Aug 23, 2021, 7:00 PM

Tel Aviv to pressure US to scrap Iran nuclear talks: report

Tel Aviv to pressure US to scrap Iran nuclear talks: report

TEHRAN, Aug. 23 (MNA) – Israeli regime Prime Minister Naftali Bennett will try to persuade US President Joe Biden against reviving a nuclear deal with Iran when the two officials meet in Washington on Thursday.

The prime minister of the Israeli regime will reportedly try to persuade the American president Joe Biden to scrap the nuclear talks with Iran on his visit to Washington on Thursday.

According to Bloomberg, American officials are mulling their options after months of talks with Iran failed to produce an agreement.

Naftali Bennett will present an orderly plan that has been formulated in the past two months, the report cited a tweet by the Israeli regime's premier. 

Tehran has already held six rounds of talks with JCPOA participants known as the P4+1 with the aim of salvaging the JCPOA in the Austrian capital of Vienna.

During the talks, the Western powers were only killing time and were not ready to oblige the US to return the nuclear deal and lift the illegal sanctions the previous Trump administration had imposed on Tehran in blatant violation of the deal.

Meanwhile, when the Vienna negotiations were going on, Iran would warn that it would leave the Vienna talks if they take too long and if its legitimate demands as per the JCPOA are not met. Anyway, the other parties, especially the Europeans were killing time while the new US administration is still sticking to the Trump-era sanctions.

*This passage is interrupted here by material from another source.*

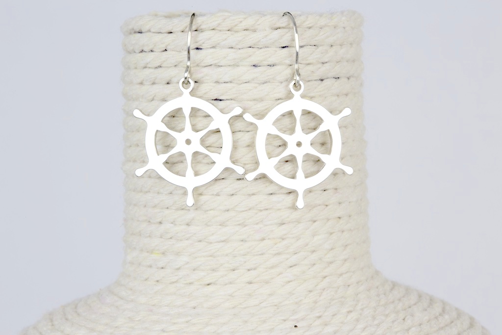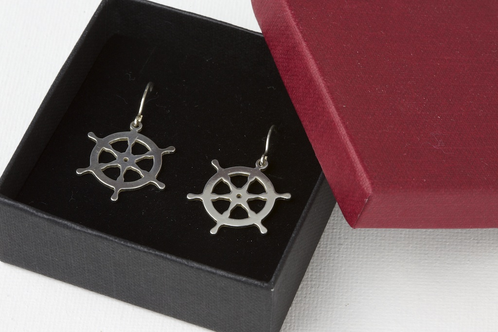 Pendientes timón de plata de ley. Se entregan con caja de regalo. Van a juego con colgante de timón en plata de ley con cordón de cuero o colgante de timón con cadena de plata (no incluidos).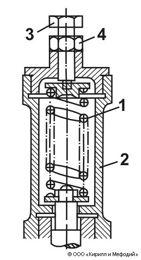 Компенсация отклонений, изменяющих усилие пружины, регулировочным винтом: 1 — пружина; 2 — корпус; 3 — регулировочный винт; 4 — контргайка.

The current US administration has not yet fulfilled the promises Joe Biden made during his presidential elections campaigns to undo Trump's actions and return to the deal. In the meantime, Tehran has also stressed that the Biden administration's return to the agreement without lifting the sanctions is no of value.

The Leader of the Islamic Revolution Ayatollah Khamenei said just at the start of the new administration of President Raeisi in Iran that the Western countries are not trustworthy.